The kingdom contains all photosynthetic eucaryotic multicellular plants and their non-photosynthetic relatives. At the lower level it contains multicellular algae-green, brown. and red algae. Other groups included in the kingdom plantae are bryophytes, pteridophytes and spermatophytes.

Important characters of this kingdom are as follows:

(i) Organisms are multicellular.

(ii) They are eucaryotic.

(iii) Body form is less regular.

(iv) Growth is usually indefinite.

(vi) Organs are commonly external.

(vii) Irritability is poor.

(viii) Mode of nutrition is autotrophic.

(ix) The photosynthetic regions contain plastids in their cells. Due to photosynthetic activity, plants are called producers.

(x) Most of the plants are restricted to land, sea-shores and fresh water reserviors.

(xi) The plants are usually fixed or free floating. Active locomotion is generally absent.

(xii) Structural differentiation into tissues is found except for certain algae.

(xiii) Food reserve is usually starch and fat.

(xiv) Some of the plants are heterotrophic. They are mostly parasitic. A few are saprobes. A small group of autotrophic plants catch small animals and insects for obtaining extra nitrogen. They are called carnivorous or insectivorous plants.

(xv) Reproduction is both asexual and sexual. Accessory spores are present in lower plants. An embryo stage is absent in the algal group but is present in others. (Biological Classification of Living Organisms Notes Study Material)

Animalia – Kingdom of Multicellular Consumers or Metazoa

Members of this kingdom are also known as metazoa or multicellular animals. The kingdom has maximum number and most diverse types of organisms. It includes all the animals of the two kingdom classification except Protozoa. Groups included are sponges coelenterates, worms, molluscs, arthropods, star fishes and vertebrates like fishes, amphib. ians, reptiles, birds and mammals. Insects, a group of arthropods, outnumber all other organisms in variety and number.

The important characteristics of animalia are :

(i) Organisms are multicellular eucaryotes.

(ii) Body form is regular.

(iii) Organs are internal.

(iv) Growth is definite. Well defined growing points are absent.

(v) Cellular, tissue and organsystem levels of organisation occurs in different groups.

(vi) Response to stimuli is quick.

(vii) A cell does not possess central vacuole. Instead small vacuoles may occur.

(viii) Centrioles occur in the cells.

(ix) A cell wall is absent.

(x) Plastids and photosynthetic pigments are absent.
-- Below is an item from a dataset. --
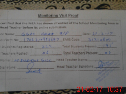 | Certified that this School was Inspected by the Undersigned MEA/DMO Today and the Information Stated Above is as Per Record. | |||||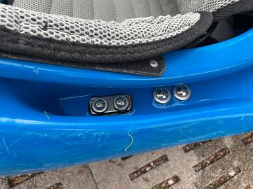 Il kayak ha delle riparazioni ai fori di fissaggio del sedile e dei premicoscie (vedi foto), ma sono stagni e non entra acqua.

(xi) The organisms have holozoic or ingestive type of nutrition. A few animals are, however, parasitic. They live on or inside the bodies of other eucaryotes. (Biological Classification of Living Organisms Notes Study Material)

(xii) Animals are motile or mobile as they have to search for their food. Sponges and corals are an exception.

(xiii) The organisms possess muscle cells for their mobility and nerve cells for conduction of impulses. They are, however, absent in sponges.

(xiv) Reproduction is mostly sexual. Regeneration of whole organism and formation of spores are found in lower animals.

(xv) Embryo stage is present.

(xvi) Ecologically animals are consumers. These consumers constitute links in the food chains and food webs.

Advantages of Five Kingdom Classification

  1. Separation of prokaryotes in a separate kingdom of Monera is a wise step because procaryotes differ from all other organisms in their genetic, cellular, reproductive and physiological organisation. (Biological Classification of Living Organisms Notes Study Material)
  2. Many transitional or intermediate forms are present in the unicellular eucaryotes which had been included both amongst plants and animals. Separation of unicellular eucaryotes into kingdom protista has removed this anomaly.
  3. Fungi have never been related to plants. They have their own biochemical, physiological and structural organisation. Separation of fungi into a separate kingdom was long overdue. (Biological Classification of Living Organisms Notes Study Material)
  4. The five kingdom classification is based on levels of organisation and nutrition which evolved very early and became established in later groups that are existing today. (Biological Classification of Living Organisms Notes Study Material)
  5. In this classification, animal and plant kingdoms are more homogeneous than they are in two-kingdom classification.
  6. It has tried to bring out phylogenetic relationships even amongst the primitive forms.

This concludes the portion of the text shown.